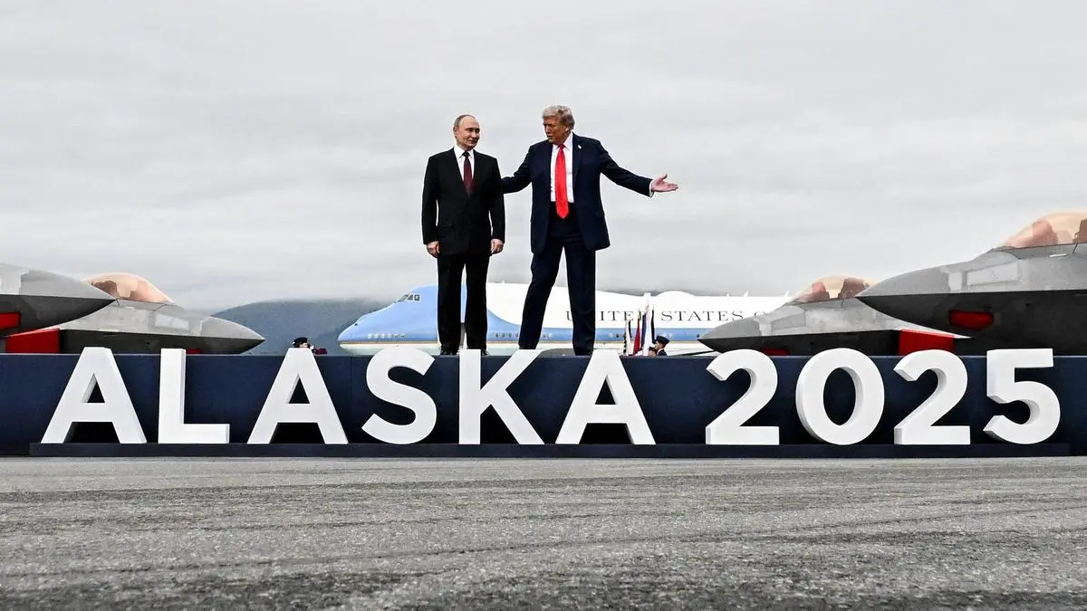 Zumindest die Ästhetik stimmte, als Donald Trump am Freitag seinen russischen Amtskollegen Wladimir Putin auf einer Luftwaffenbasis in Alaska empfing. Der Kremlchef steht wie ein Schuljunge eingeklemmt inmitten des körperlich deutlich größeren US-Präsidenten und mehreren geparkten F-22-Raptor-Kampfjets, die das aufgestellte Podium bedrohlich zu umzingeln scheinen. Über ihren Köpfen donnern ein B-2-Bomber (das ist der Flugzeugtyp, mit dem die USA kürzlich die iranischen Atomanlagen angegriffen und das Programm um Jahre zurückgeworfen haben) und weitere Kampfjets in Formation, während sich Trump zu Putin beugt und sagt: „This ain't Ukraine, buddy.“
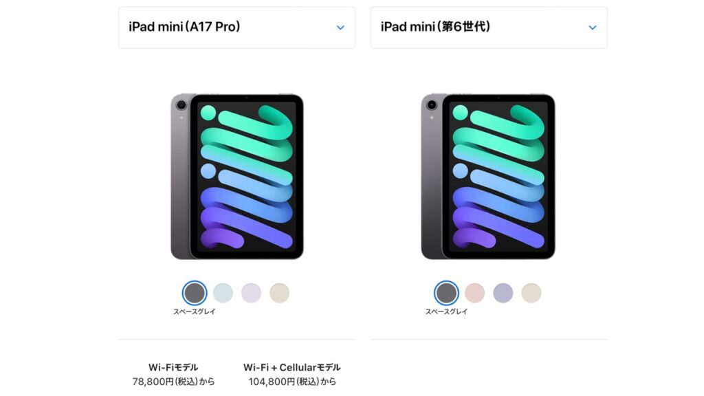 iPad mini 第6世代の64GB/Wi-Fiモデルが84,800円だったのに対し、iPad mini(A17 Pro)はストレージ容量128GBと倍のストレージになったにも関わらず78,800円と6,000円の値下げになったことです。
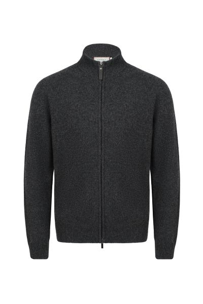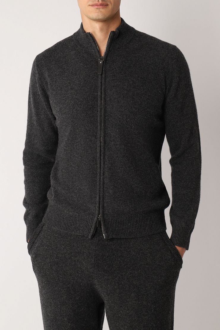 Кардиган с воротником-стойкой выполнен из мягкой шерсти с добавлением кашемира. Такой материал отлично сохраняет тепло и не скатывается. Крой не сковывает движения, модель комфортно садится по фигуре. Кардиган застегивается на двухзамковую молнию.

- _Problem details_: Leave the images out and transcribe the remaining data above word for word.

- _Solution to the problem_:
 Zumindest die Ästhetik stimmte, als Donald Trump am Freitag seinen russischen Amtskollegen Wladimir Putin auf einer Luftwaffenbasis in Alaska empfing. Der Kremlchef steht wie ein Schuljunge eingeklemmt inmitten des körperlich deutlich größeren US-Präsidenten und mehreren geparkten F-22-Raptor-Kampfjets, die das aufgestellte Podium bedrohlich zu umzingeln scheinen. Über ihren Köpfen donnern ein B-2-Bomber (das ist der Flugzeugtyp, mit dem die USA kürzlich die iranischen Atomanlagen angegriffen und das Programm um Jahre zurückgeworfen haben) und weitere Kampfjets in Formation, während sich Trump zu Putin beugt und sagt: „This ain't Ukraine, buddy.“
 iPad mini 第6世代の64GB/Wi-Fiモデルが84,800円だったのに対し、iPad mini(A17 Pro)はストレージ容量128GBと倍のストレージになったにも関わらず78,800円と6,000円の値下げになったことです。
 Кардиган с воротником-стойкой выполнен из мягкой шерсти с добавлением кашемира. Такой материал отлично сохраняет тепло и не скатывается. Крой не сковывает движения, модель комфортно садится по фигуре. Кардиган застегивается на двухзамковую молнию.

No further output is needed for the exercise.